有能ぶる無能の集まり

同じ事業体に所属はしているが製品群とその市場が大きく異なるため、業務上の関わりあいがない部隊が同じ部屋にいた。その部隊のマネージャは專門商社の営業上がりの人で、言動は代紋を背負ったメーカの営業というよりブローカに近かった。上司は、自からが、少なくともその時所属している業界や技術については全く興味を示さない典型的なビジネス・スクール出の、結果の数字と上しか見えないヒラメのような高級事務職員だった。そのマネージャは事ある毎に上司に自分がいかに業界通であるかを、多分誰が見ても不遜な態度でデモンストレーションしていた。町内野球がまるでプロ野球のように説明され、上司はといえば、よく聞く企業などの固有名詞以外はビジネス・スクールから引きずっている単語帳には入らない。二人のやり取りを傍から見てる限り苦笑ですんだのだが、この二人のばか話が、どこをどう転がったのか分からないが、そのマネージャがこっちの製品とその市場について講義してくださるという、“まことありがたい話に(彼らからみて)”になったと、上司からミーティングの連絡がきた。

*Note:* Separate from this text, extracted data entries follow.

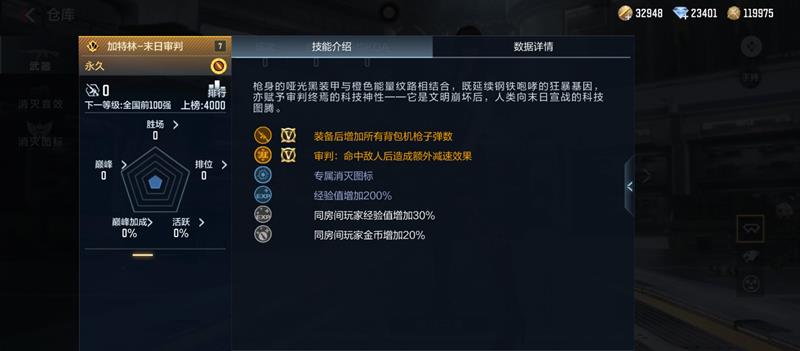 另一个比较出色,为审判:命中敌人后造成额外减速效果,这个技能在挑战模式中表现效果较弱,但十分适合生化党定点生存,如果是生化党建议入手,适合生化模式喜欢据守一处的玩家使用,妥妥生化党才用考虑的武器。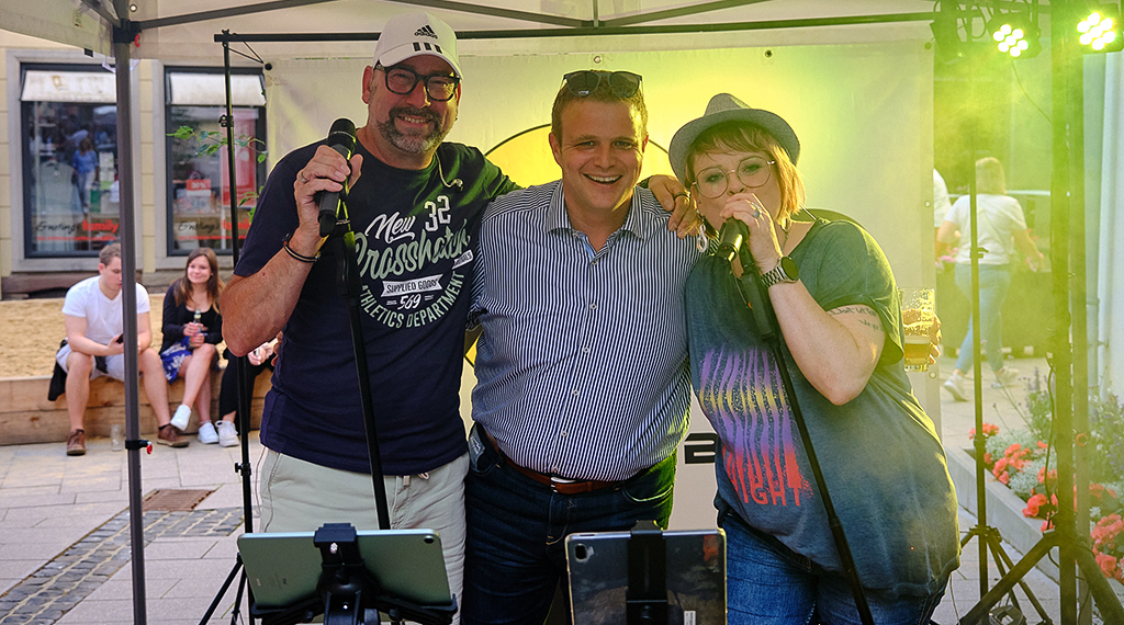 Gastgeber Jochen Helmeke sorgte bei strahlendem Sonnenschein mit einer Auswahl an Fassbier, Weißbier, Wein, Sekt und alkoholfreien Getränken für Erfrischung. Das kulinarische Angebot reichte von klassischen Grillspezialitäten über Wildschweinbratwurst, wahlweise mit Chili-Schärfe, bis hin zu vegetarischen Köstlichkeiten. Musikalisch untermalt wurde das Event von „LOB – Live ohne Band“. Die Musiker Sabine Martino-Krüger und Mick Pickel begeisterten die zahlreichen Besucher in der Rathausgasse mit Hits der Achtziger und Neunziger, der Neuen Deutschen Welle sowie Schlagern und Popklassikern.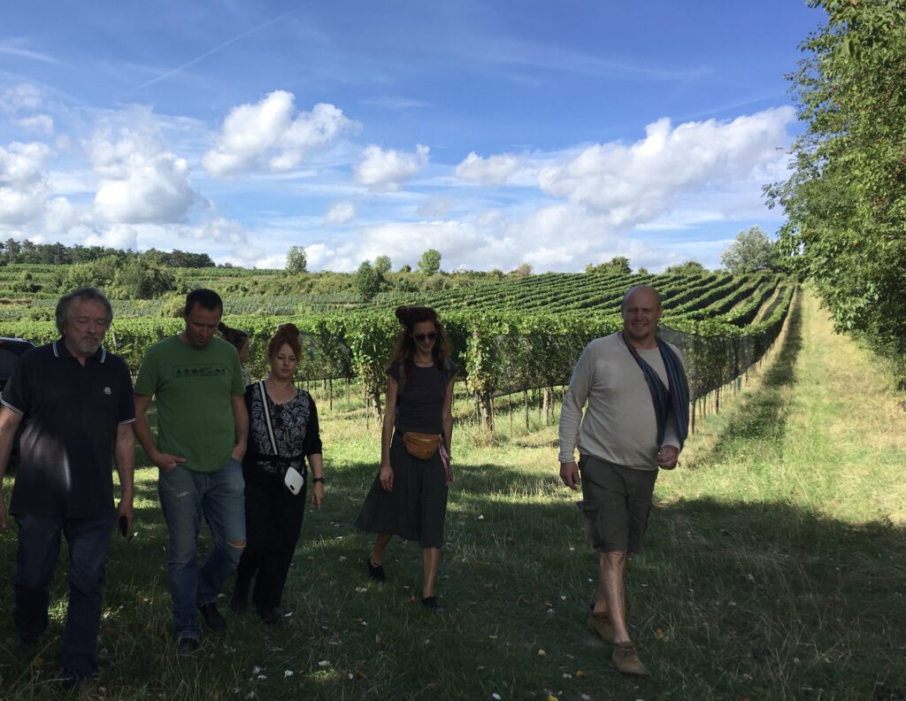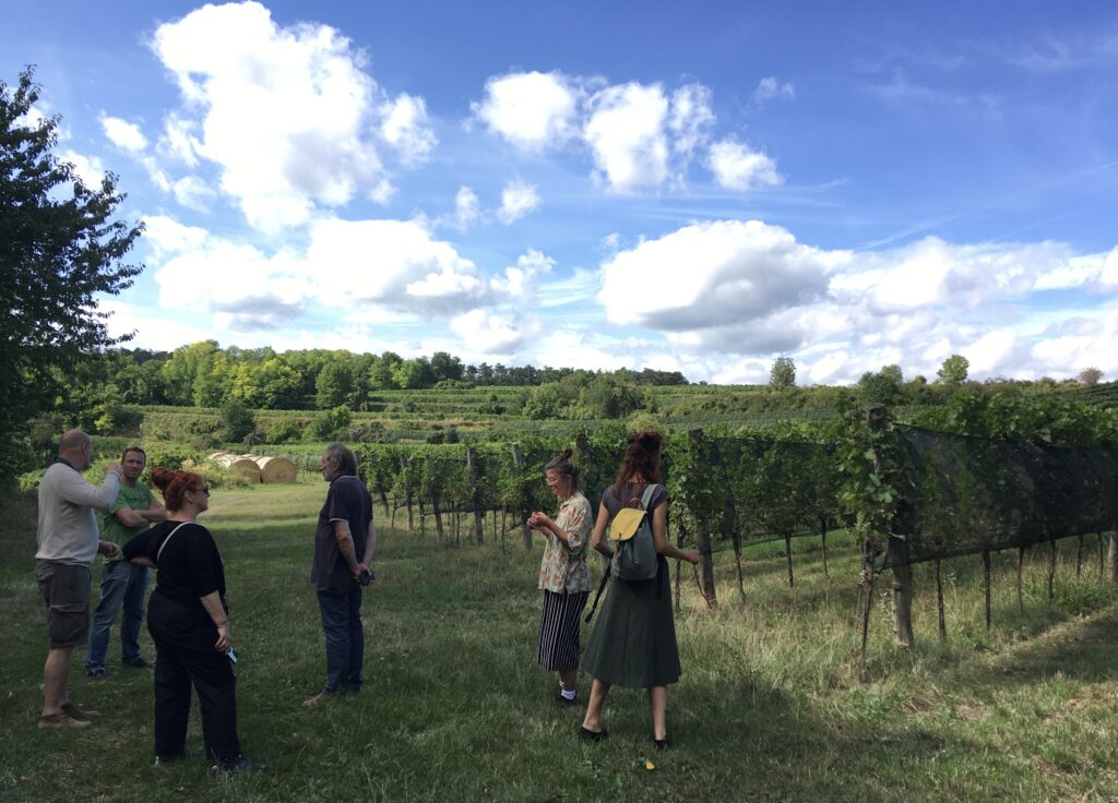 Nach kurzem Auffe-oben-Ume auf schmalem Feldweg, dem obligaten „Waaaahhhhs für eine Aussicht!“ von Gösing-Erstlingen, lauschen wir auch schon aufmerksam in der Ried Hengstberg (Grüner Veltliner), was es mit den schwarzen Netzen auf sich hat (vornehmlich Hagelschutz), warum Stroh ausgebracht wurde (Verdunstungsschutz) und wofür Gründüngung mit „hoher Mahd“, also dem Gegenteil von englischem Rasen, eigentlich gut ist (Bodenschutz, Humus-Aufbau u.a.). Wir staunen über das umfassende Wissen von Toni Söllner zu Theorie und Praxis generell, ganz speziell jedoch im Umgang mit der zunehmenden Wasserknappheit durch die Klimazerstörung. Sympathisch-humorvoll teilt er bereitwillig Trial-and-Error-Anekdoten, etwa über Feldversuche im buchstäblichen (Auspflanzung von Piwi-, sprich Pilzwiderständigen Rebzüchtungen) und im übertragenen Sinne. Besonders interessant finde ich, dass der Grüne Veltliner hier auf einem Gemisch aus Meeresboden mit Schotter wächst (während jener in der benachbarten Ried Welfel auf Muschelkalk und Meeressand steht).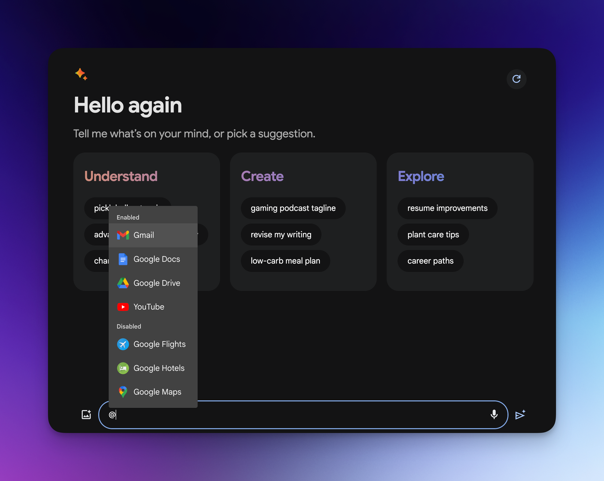 With extensions active, use the "@" command for quick access to Gmail, Google Docs, and Drive.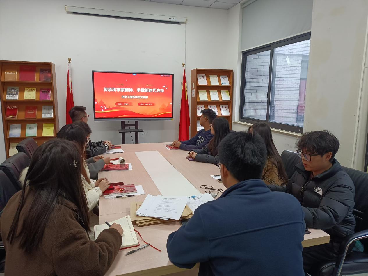 12月11日下午,化学工程系学生党支部在A207会议室开展以“传承科学家精神,争做新时代先锋”为主题的组织生活。党支部书记王涛主持。
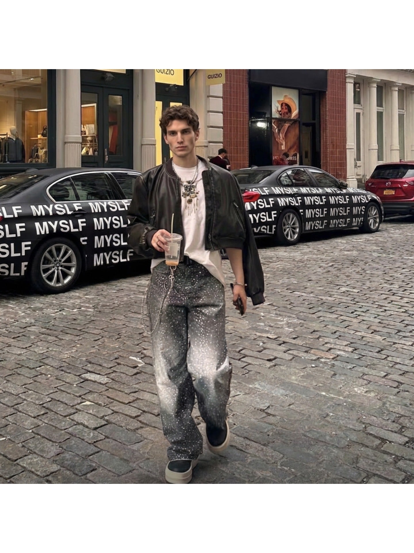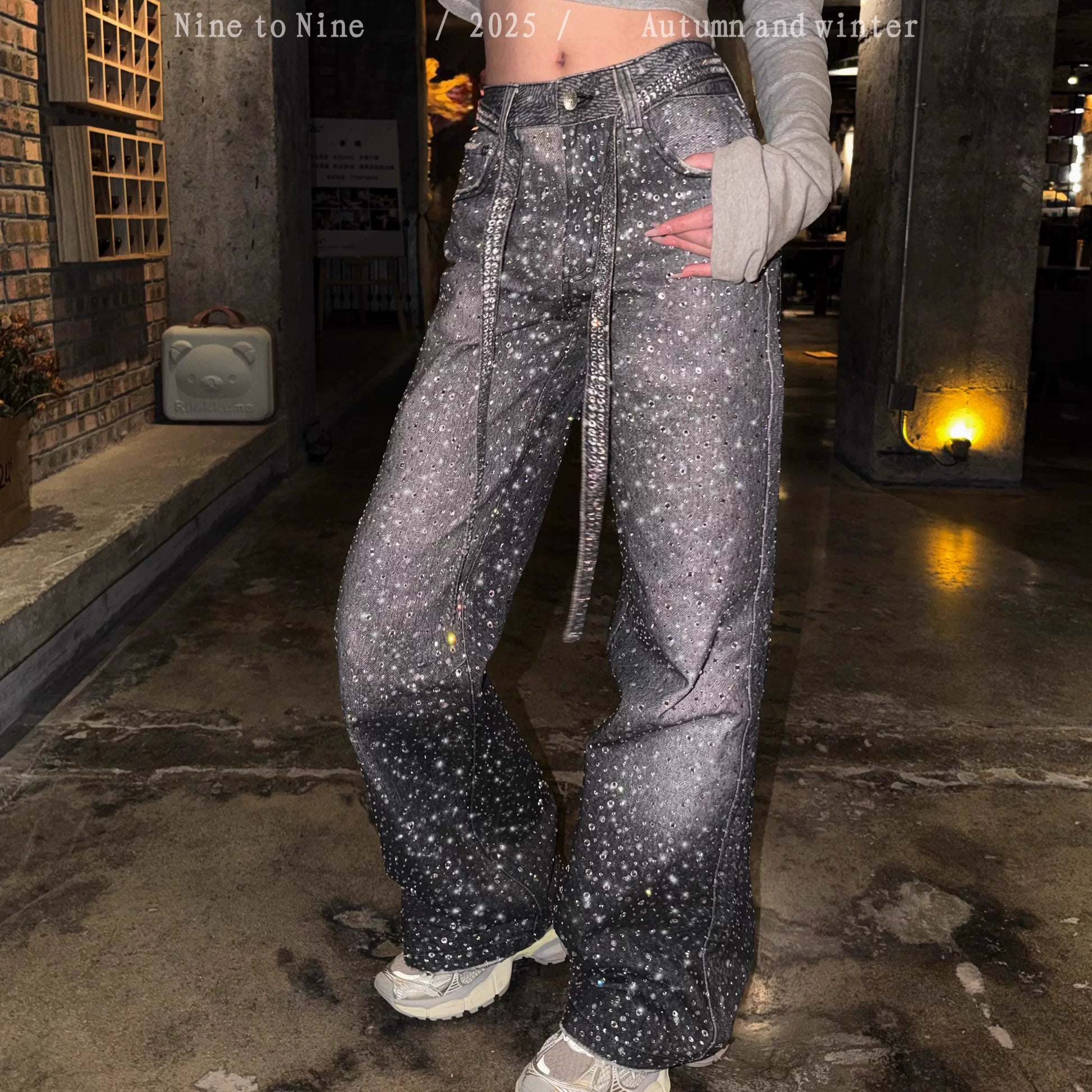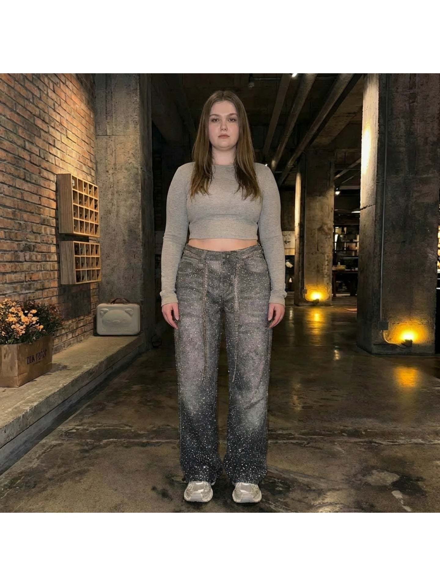Aesthetic Caption: "When fabric meets diamonds 💎 Our gradient rhinestone wide leg pants are the ultimate statement piece for your wardrobe. Unisex, slimming, and designed to make you shine."

こっちはこの業界とその関連業界で日米欧の企業の一員として、日米欧の市場で30年以上、市場開拓を本職として禄を食んできた。それでも、見落としている点もあるかもしれないし、たとえ反面教師としてであっても参考にできるものでもあればめっけもんとミーティングに行った。下町の口語で言わせて頂ければ、“ちゃんちゃらおかしくて、へそが茶を沸かさあ”とは正しくこのようなときに使う言い草だろう。マネージャ、いつものように、いかに自分を大きく見せるに腐心した持って回った言い方で、どうでもいいこと、業界の裏話からゴシップまで交えながら、“プロの営業マン”の販売戦略を聞かされた。言葉はやたらに多いが、要旨は簡単明瞭、「営業に一人ひとりにノルマを与えて、可能性のあるところを訪問すれば、目標売上に達する」だった。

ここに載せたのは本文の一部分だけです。